A study of light and texture, this striking composition by James Ravilious shows two mothers and their children on the beach at Westward Ho! in 1975.
The pram immediately draws the eye. It looks out of place on the huge expanse of sand and rock leading down to the water’s edge, and you do wonder however they got the slightly cumbersome item down on to the beach in the first place!
The image was taken on the south western corner of Westward Ho! sands, where the sand meets the rocky foreshore, says Dave Edgcombe, project officer for the North Devon AONB team.
He explains that the sand levels fluctuate according to the weather and tides, sand often moving off the beach in wintery, stormy conditions before building up again during the calmer, summer months.
Westard Ho! is famous for its smooth polished pebbles – and you won’t find them on the Braunton to Exmoor coastline, says Dave.
“They are the result of ‘longshore drift’,” he says. “This is eroded cliff material taken from further along the coast to the west of Bideford Bay which has been slowly moved by wave action along the base of the cliffs towards Westward Ho!”
The material is constantly ground down by the waves, creating the highly polished pebbles which then form into a single spit, the famous pebble ridge.
“The pebbles you see on the beach in the picture are almost certainly the product of coastal erosion within the western part of Bideford Bay and may have begun life as part of the cliffs that existed somewhere near Bucks Mills or Clovelly.”

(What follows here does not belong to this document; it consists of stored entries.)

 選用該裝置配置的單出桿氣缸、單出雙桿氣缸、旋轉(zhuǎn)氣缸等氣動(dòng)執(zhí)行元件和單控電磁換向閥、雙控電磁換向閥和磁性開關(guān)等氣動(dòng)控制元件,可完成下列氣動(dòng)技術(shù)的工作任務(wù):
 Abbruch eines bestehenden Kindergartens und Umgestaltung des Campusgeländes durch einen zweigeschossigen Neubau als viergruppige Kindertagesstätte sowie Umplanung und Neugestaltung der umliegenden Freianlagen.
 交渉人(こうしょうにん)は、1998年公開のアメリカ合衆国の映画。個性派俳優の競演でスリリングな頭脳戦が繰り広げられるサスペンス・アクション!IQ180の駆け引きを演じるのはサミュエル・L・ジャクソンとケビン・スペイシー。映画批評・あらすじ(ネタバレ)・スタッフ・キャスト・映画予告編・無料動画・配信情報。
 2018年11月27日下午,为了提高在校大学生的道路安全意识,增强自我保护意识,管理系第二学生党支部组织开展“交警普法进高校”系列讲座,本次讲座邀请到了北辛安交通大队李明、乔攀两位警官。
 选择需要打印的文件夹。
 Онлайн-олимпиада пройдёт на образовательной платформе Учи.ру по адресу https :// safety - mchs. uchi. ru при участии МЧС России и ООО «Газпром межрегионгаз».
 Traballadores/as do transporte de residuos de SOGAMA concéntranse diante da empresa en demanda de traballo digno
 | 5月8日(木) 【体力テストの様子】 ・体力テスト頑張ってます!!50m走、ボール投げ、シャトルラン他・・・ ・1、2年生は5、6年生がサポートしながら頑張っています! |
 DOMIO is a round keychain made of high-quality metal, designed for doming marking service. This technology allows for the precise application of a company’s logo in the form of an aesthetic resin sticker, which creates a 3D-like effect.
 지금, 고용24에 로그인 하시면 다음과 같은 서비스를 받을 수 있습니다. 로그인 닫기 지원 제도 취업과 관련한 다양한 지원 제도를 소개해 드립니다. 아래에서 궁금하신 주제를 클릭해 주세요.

So, this is a scene that will be constantly changing, not just the people, but also the landscape which surrounds them. The pebbles are hard to walk on, but they make a perfect, sun warmed seat if you find the right one. Note the patterns in the sand, no doubt made by the children using sticks to leave their marks. How many of us feel the urge to leave trails and write messages in a stretch of clean, wave-washed sand?